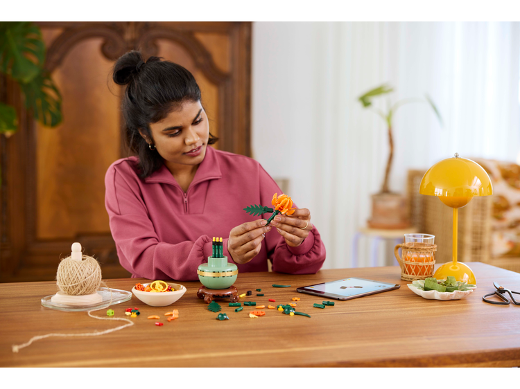 Grow creativity with the LEGO® Icons Chrysanthemum home office decor building set for adults Easy to assemble, the model chrysanthemum plant makes an elegant centerpiece for any space Blooming buds with posable leaves and petals Captures the vivid orange flower in various stages, including 1 in fu ll bloom, 1 blossoming and 2 in bud Ages 18+
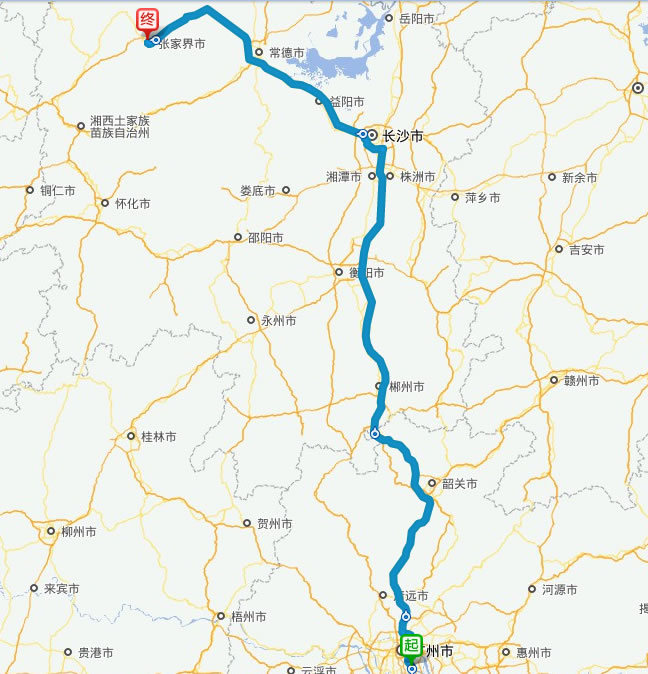 現(xiàn)在位置:張家界旅行社->交通指南->自駕車路線 -> 番禺到張家界旅游自駕車線路,番禺去張家界自己開車要多長時(shí)間,有多少公里
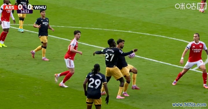 10月04日讯 英超第7轮,阿森纳vs西汉姆联。比赛第33分钟,西汉姆联球员马加萨禁区内用手触球,主裁判未暗意,VAR莫得介入。
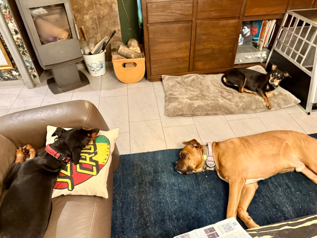 Den Hunden hat es eh gereicht, wir verbummeln den Tag, relaxen und kochen etwas zu Abend, was man halt so macht…..
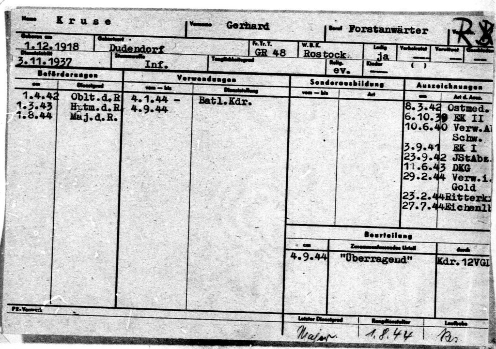Gefallen als Chef des II./GR48 der 12. Volksgrenadier Division, Träger des Ritterkreuzes mit Eichenlaub
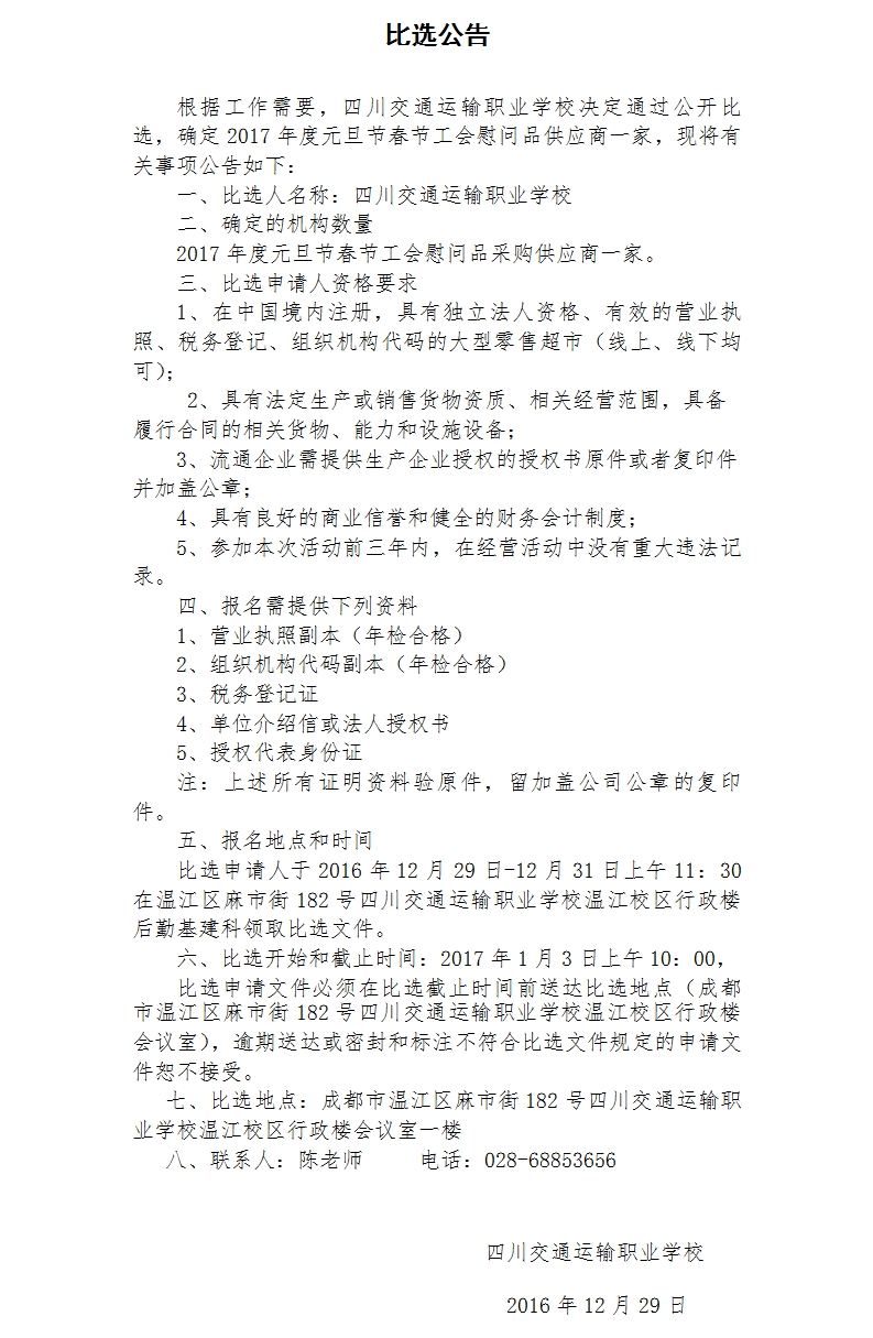 四川交通运输职业学校工会慰问品采购供应商比选公告-四川交通运输职业学校-官方网站

* Description of the task
Set out exactly, and only, the lines between the first line of the listing and the line containing "Den Hunden hat", counting both, while leaving every picture out.

* Reply to the exercise
 Grow creativity with the LEGO® Icons Chrysanthemum home office decor building set for adults Easy to assemble, the model chrysanthemum plant makes an elegant centerpiece for any space Blooming buds with posable leaves and petals Captures the vivid orange flower in various stages, including 1 in fu ll bloom, 1 blossoming and 2 in bud Ages 18+
 現(xiàn)在位置:張家界旅行社->交通指南->自駕車路線 -> 番禺到張家界旅游自駕車線路,番禺去張家界自己開車要多長時(shí)間,有多少公里
 10月04日讯 英超第7轮,阿森纳vs西汉姆联。比赛第33分钟,西汉姆联球员马加萨禁区内用手触球,主裁判未暗意,VAR莫得介入。
 Den Hunden hat es eh gereicht, wir verbummeln den Tag, relaxen und kochen etwas zu Abend, was man halt so macht…..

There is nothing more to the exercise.